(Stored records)
⁂

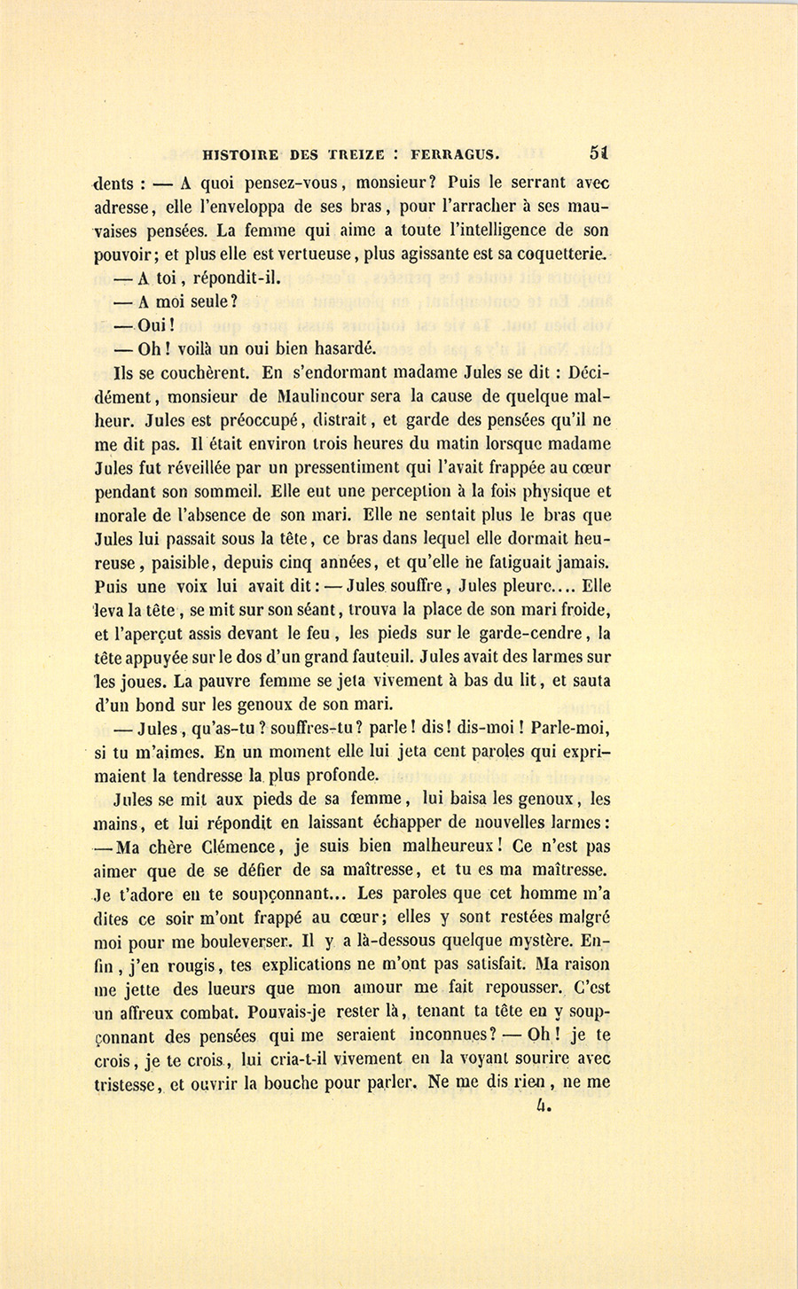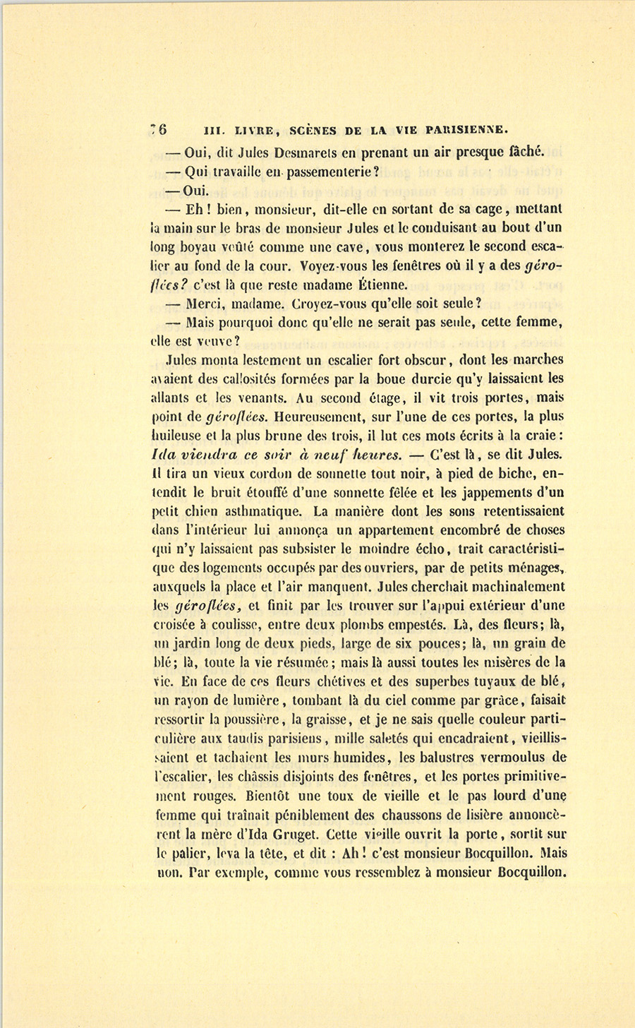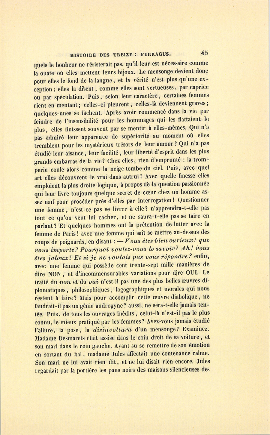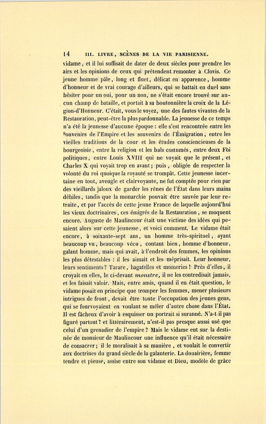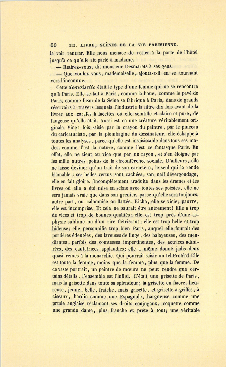 Beaucoup de jeunes gens se sont trouvés ainsi, rentrant chez eux, désespérés d’avoir rompu pour toujours avec une femme adorée en secret ; condamnée, méprisée en secret. C’est des monologues inconnus, dits aux murs d’un réduit solitaire, des orages nés et calmés sans être sortis du fond des cœurs, d’admirables scènes du {p. 18} monde moral, auxquelles il faudrait un peintre. Madame Jules alla s’asseoir, en quittant son mari qui fit le tour du salon. Quand elle fut assise, elle se trouva comme gênée, et, tout en causant avec sa voisine, elle jetait furtivement un regard sur monsieur Jules Desmarets, son mari, l’Agent de change du baron de Nucingen. Voici l’histoire de ce ménage.
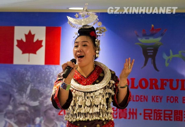 在加拿大安大略省尼亚加拉湖镇,来自贵州的表演者在活动开幕式上演唱民歌。新华社发(邹峥 摄)
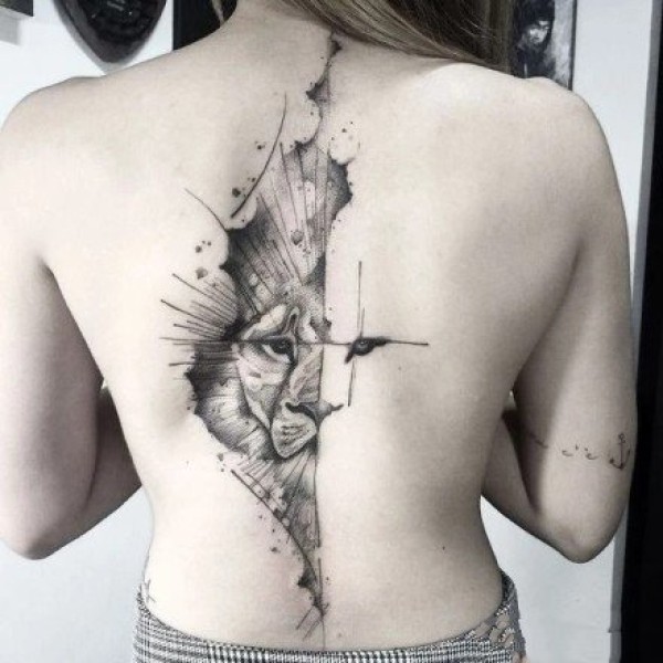 18张女生后背的性感颈椎脊椎骨纹身图案
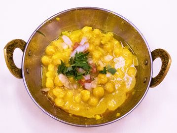 Garbanzo beans cooked with onion, tomatoes and mild spices.
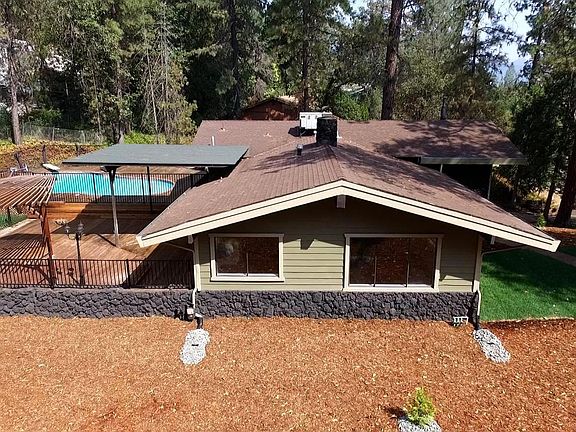 Beautifully Remodeled! Come sit on the huge patio and enjoy the large sparkling pool. The homes many new features include new open kitchen,counter tops, breakfast bar,bamboo flooring. Some of 4 bedroom 3 bath unique features include large fireplace,downstairs bedroom with 1/2 bath & woodstove,4 car garage with workshop, extra covered parking for all your toys. Park like setting all newly landscape

⁂

= TO DO =
Take the line that contains "18张女生后背的性感颈椎脊椎骨纹身图案" and every line after it down to the last line of the entries above, and output them exactly, with nothing else and no pictures.

= OUTPUT OF THE EXERCISE =
 18张女生后背的性感颈椎脊椎骨纹身图案
 Garbanzo beans cooked with onion, tomatoes and mild spices.
 Beautifully Remodeled! Come sit on the huge patio and enjoy the large sparkling pool. The homes many new features include new open kitchen,counter tops, breakfast bar,bamboo flooring. Some of 4 bedroom 3 bath unique features include large fireplace,downstairs bedroom with 1/2 bath & woodstove,4 car garage with workshop, extra covered parking for all your toys. Park like setting all newly landscape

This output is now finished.